La musique, composée par Hildur Guðnadóttir, est l’un des aspects les plus marquants du film. Ses sonorités graves et lentes accompagnent la descente aux enfers d’Arthur Fleck, accentuant le poids émotionnel de chaque scène. Hildur Guðnadóttir, première femme à recevoir un Oscar pour la meilleure musique originale depuis 1997, a expliqué avoir composé les morceaux en se basant sur le scénario avant même le tournage, une méthode peu courante, mais qui s’avère ici très efficace. La partition est minimaliste. Elle laisse la place à la tension et à l’angoisse. À cela s’ajoute une sélection de morceaux préexistants, comme That’s Life de Frank Sinatra, qui développe un contraste ironique et dérangeant.
Joaquin Phoenix incarne Arthur Fleck avec une intensité rare.

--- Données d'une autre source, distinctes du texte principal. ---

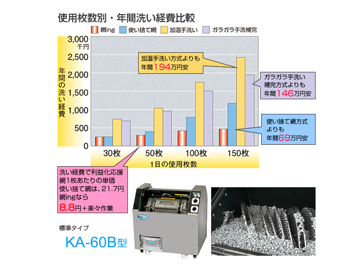 使い捨て網を消費するよりも、通常の網を網ingで洗浄しながら使い続ける事でコスト面はもちろん、環境にも配慮した店舗経営をしていただけます。
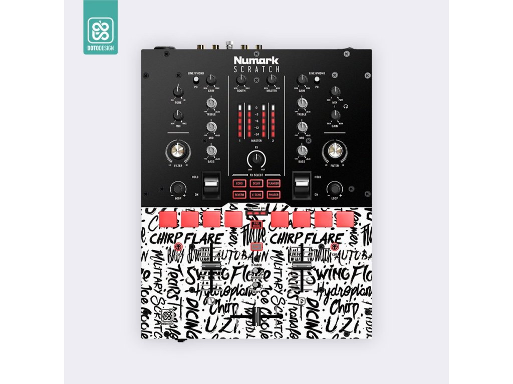 Naklejka na mikser Numark Scratch w wersji SCRATCH STYLE, kolor white (biały).

Il a perdu près de 23 kilos pour le rôle, transformant son corps pour refléter l’état fragile et maladif de son personnage. Son jeu, basé sur une immersion complète, est à la fois terrifiant et profondément humain. Il donne à Arthur Fleck une vulnérabilité qui le rend presque attachant, avant de basculer dans une violence incontrôlée. L’une des scènes les plus marquantes est celle de la danse dans les escaliers, un moment de libération pour le personnage et un symbole de son acceptation du chaos. La scène de rire incontrôlé dans le bus est également mémorable, avec cette maladie pour Arthur Fleck et l’incompréhension, voire le malaise qu’elle génère sur les autres passagers. Un moment qui illustre le choc de deux mondes. Cette performance a valu à Joaquin Phoenix l’Oscar du meilleur acteur, une récompense amplement méritée pour un rôle qui marque l’histoire du cinéma.

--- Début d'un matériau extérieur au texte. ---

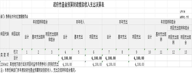 2023年度政府性基金预算财政拨款年初结转和结余0万元,本年收入4100万元,本年支出4100万元,年末结转和结余0万元。具体情况说明如下:
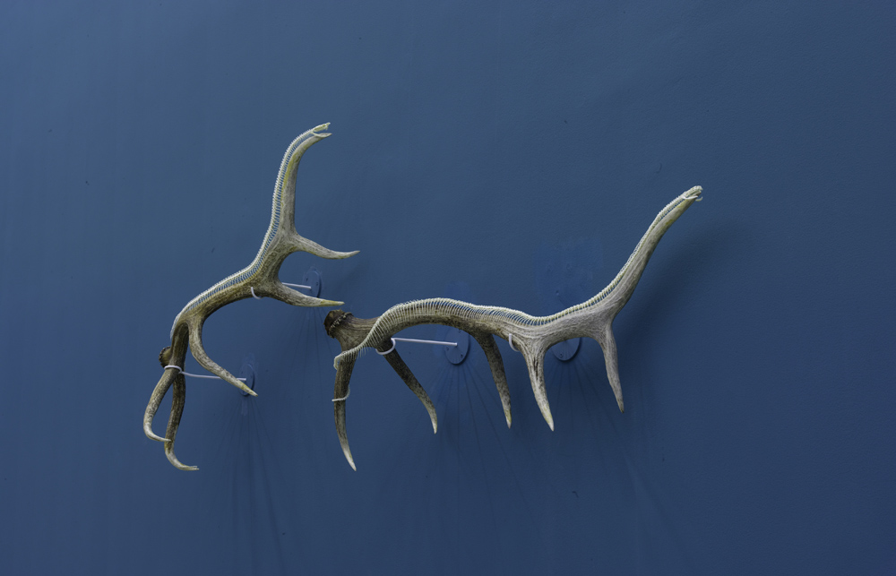 Dinosaur #1 deer horns, snake bones 36 x 100 x 25 cm
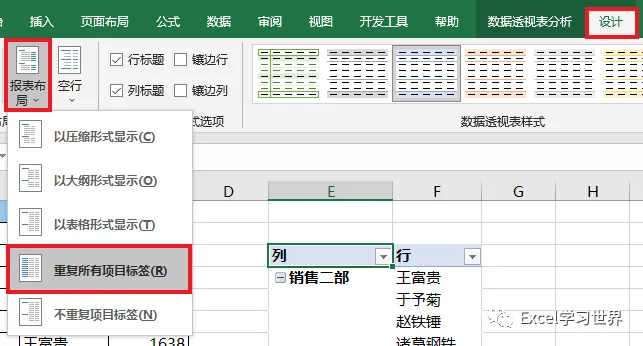 10. 选择“设计”-->“报表布局”-->“重复所有项目标签”

L’ambiance générale du film est lourde, quasiment suffocante. Joker aborde des thèmes universels comme l’isolement social, la maladie mentale et l’absence de compassion dans une société en crise. Cette approche humanise le personnage du Joker tout en le rendant terrifiant, un équilibre que peu de films réussissent à atteindre. La violence, omniprésente, cependant jamais gratuite, suscite un malaise qui pousse à la réflexion. En ce sens, Joker est autant une étude de personnage qu’une critique sociale.
Loin de se limiter à un public de fans de comics, Joker s’adresse à tout le monde. Le film touchera autant les amateurs de drames psychologiques que ceux qui apprécient le cinéma d’auteur.
Avec Joker, Todd Phillips livre une œuvre unique, transcendée par la performance magistrale de Joaquin Phoenix. Ce film est une relecture audacieuse et inoubliable d’un personnage emblématique, qui dépasse le cadre des adaptations de comics pour devenir une pièce maîtresse du cinéma contemporain.